An example I've been discussing a lot recently is display drivers for something like LVGL working with SPI or I2C devices where it's desirable to write a large buffer out the peripheral in the background while other user and/or rendering code is running.
Background peripheral IO will also be a core requirement to eventually add asyncio support for hardware (along with something like #6125 to signal user code / async loop for input signals)
What I'd like to discuss here is the API that could hopefully be common across a range of peripherals / modules to enable this to be built in a standard way.
Non blocking write / master-initiated read
Options could include:
• Separate function: eg
write()
is unmodified,send()
or similar is added.• Arguments added to readinto / write: eg.
write(data, blocking=False)
•
ioctl
: new control endpoint to set modes and query progress.I personally think
ioctl
is the best path forward, it's least disruptive the the existing api, the most flexible and also has the potential to align some of these peripherals with the stream protocol.Both SPI and I2C are out a type where both write and read operations are initiated by the MCU (in the default host / controller / master mode) so you don't have to worry about data reception at any time like UART does, it's a lot more structured.
These peripherals could have an
.ioctl()
api added with functions to:Then write/readinto functions extended such that in non-blocking mode they return immediately, but hold a reference to the buffer provided. The transfer to/from buffer can be handled in background by IRQ/dma - indeed the dma is already used for (blocking) spi transfers on stm already.
I expect the write/readinto functions would immediately return the "expected length" of the buffers that's been successfully queued to process, or return 0 if it's already busy.

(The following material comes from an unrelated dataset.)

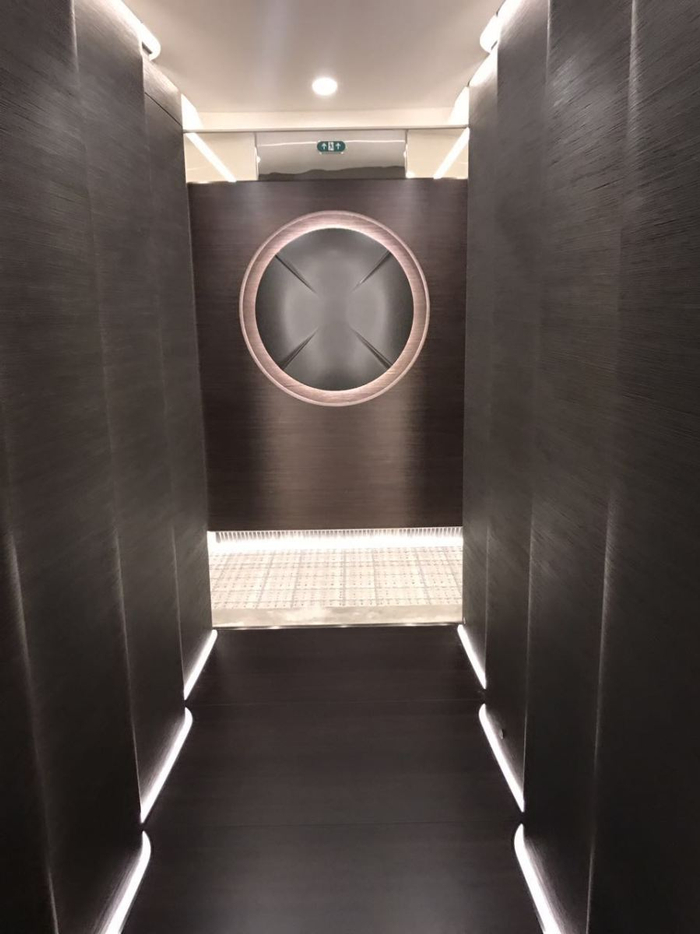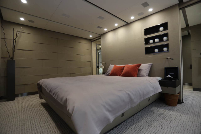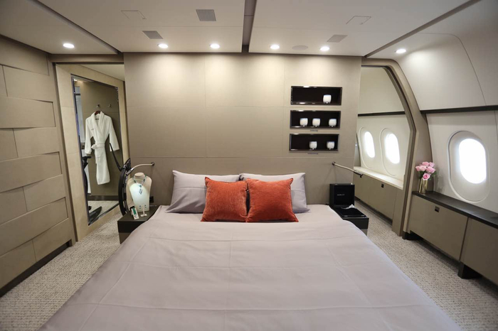 改装好的飞机内部面积有220平米,设置了独立的机组工作区、隔音的主宾休息区、以及客厅娱乐区和亲友休息区,配有卧室、浴室、更衣室、会议室等设施,还有18个全平躺头等舱座位(材质比客机头等舱要好的多,但却是这架公务机上最“简朴”的部分,往后看你就知道为什么这么说了)。

Added bonus - the ioctl should make these classes essentially stream compatible, so existing asyncio.Stream wrapper could be used with very little extra work?
The
read()
function can also likely be made to work for stream compatibility but it would maybe need to allocate the required size buffer itself and return that immediately, to be filled in the background. The asyncio.Stream interface uses it differently though, it waits on data being available before calling the read() function, so perhaps there would need to be a way to "request" ie start the transfer, then use select / asyncio to wait for the transfer to finish before usingread()
to return the data buffer.I think this same ioctl interface should be workable for other uses like display drivers, they can enable non-blocking mode then trigger screen updates as needed, with the framebuffer being transferred to screen somewhat transparently in the background..
I wonder if this could possibly be used with external SPI flash too, push some of a write operation into background... Many write operations are probably immediately followed by a (page) read so likely not help much, but perhaps some optimisations could be made.
Some other peripherals like ADC, DAC could likely follow the same pattern. Others like Pin's can have input signals at any time, these any others that have interrupt style inputs likely need a different pattern.
How does this all sound, any other / counter ideas?